= WHAT TO PRODUCE =
The records below are to be restated word for word, with their images omitted.

Saved entries
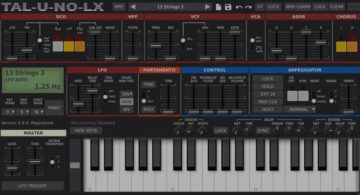TAL-U-NO-LX is a completely rewritten emulation of the popular Juno 60 with a new engine and graphical interface. Modern zero-feedback delay filters and carefully calibrated controls make this synth a good replacement for an analog device with all the advantages of software plugins.
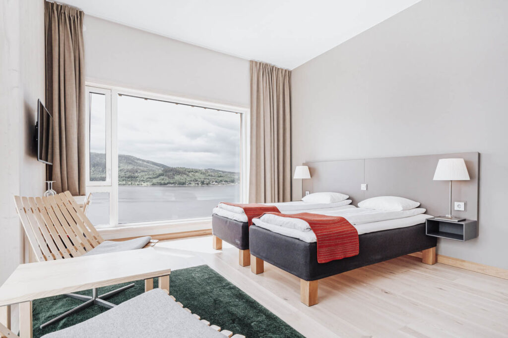 Hotellet byr på lyse og velutstyrte møterom, en nordisk-inspirert restaurant, bar og loungeområde, samt enkel tilgang til badeanlegg, treningssenter og vakre uteområder. Med utsikt over Mjøsa og gangavstand til både sentrum og togstasjon, har du alt du trenger – rett utenfor døren.
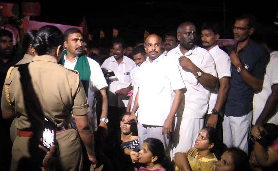 அண்ணாமலை வருவதற்கு முன்பாக அவருக்காக ஏற்பாடு செய்யப்பட்டிருந்த வாகனம் மற்றும் ஒலிபெருக்கிக்கு போலீஸார் அனுமதி வழங்க மறுத்ததாகவும், பாஜகவினரை போலீஸார் தரக்குறைவாக பேசியதாகவும் கூறி, கோவை ஈரோடு தேசிய நெடுஞ்சாலையில் சாலை மறியலில் ஈடுபட்டனர். இதனால் சிறிது நேரம் போக்குவரத்து பாதிக்கப்பட்டது. பேச்சுவார்த்தைக்குப் பின் பாஜகவினர் போராட்டத்தை கைவிட்டனர்.
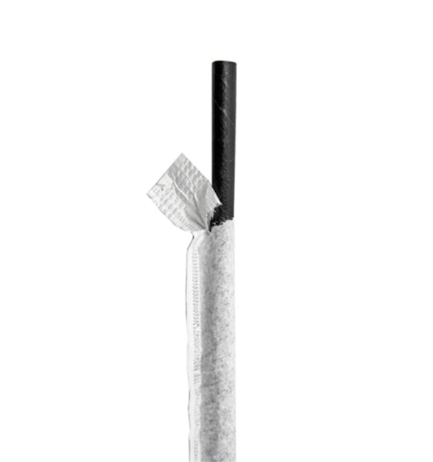 Pajita recta negra enfundada 20*0,6 cm 250 unidades
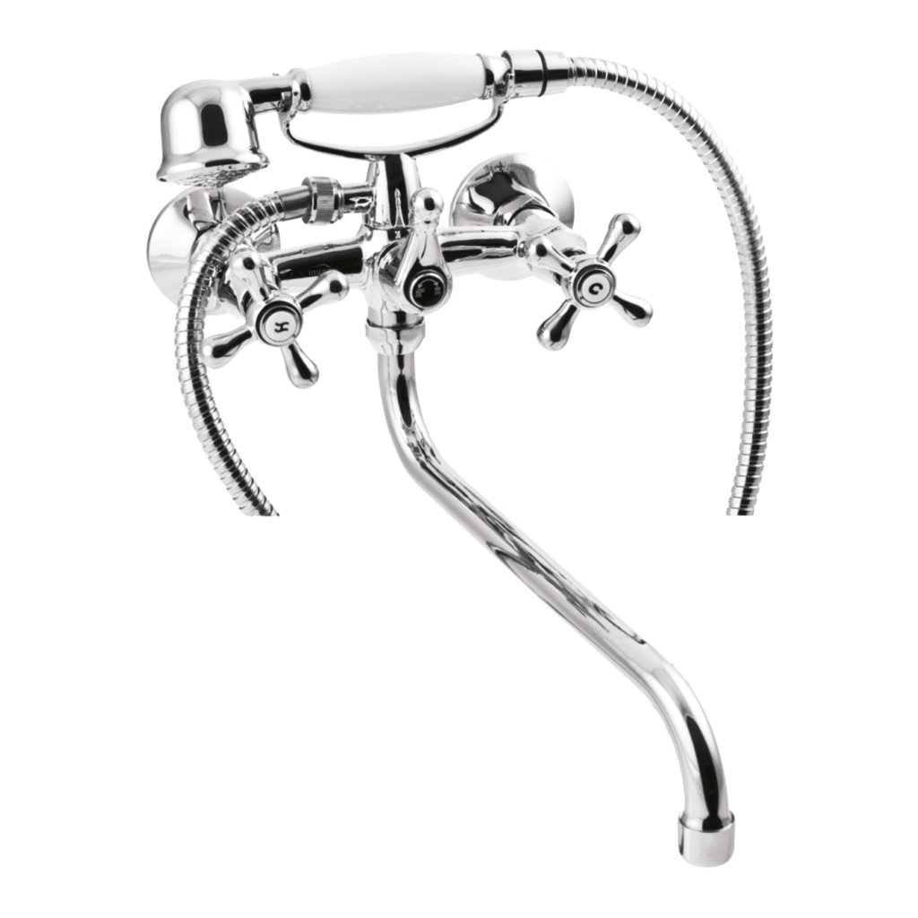 Invena Roma, baterie cadă cu duș prelungit 300 mm și set de duș manual, crom, INV-BW-24-00S-L

= OUTPUT OF THE EXERCISE =
TAL-U-NO-LX is a completely rewritten emulation of the popular Juno 60 with a new engine and graphical interface. Modern zero-feedback delay filters and carefully calibrated controls make this synth a good replacement for an analog device with all the advantages of software plugins.
 Hotellet byr på lyse og velutstyrte møterom, en nordisk-inspirert restaurant, bar og loungeområde, samt enkel tilgang til badeanlegg, treningssenter og vakre uteområder. Med utsikt over Mjøsa og gangavstand til både sentrum og togstasjon, har du alt du trenger – rett utenfor døren.
 அண்ணாமலை வருவதற்கு முன்பாக அவருக்காக ஏற்பாடு செய்யப்பட்டிருந்த வாகனம் மற்றும் ஒலிபெருக்கிக்கு போலீஸார் அனுமதி வழங்க மறுத்ததாகவும், பாஜகவினரை போலீஸார் தரக்குறைவாக பேசியதாகவும் கூறி, கோவை ஈரோடு தேசிய நெடுஞ்சாலையில் சாலை மறியலில் ஈடுபட்டனர். இதனால் சிறிது நேரம் போக்குவரத்து பாதிக்கப்பட்டது. பேச்சுவார்த்தைக்குப் பின் பாஜகவினர் போராட்டத்தை கைவிட்டனர்.
 Pajita recta negra enfundada 20*0,6 cm 250 unidades
 Invena Roma, baterie cadă cu duș prelungit 300 mm și set de duș manual, crom, INV-BW-24-00S-L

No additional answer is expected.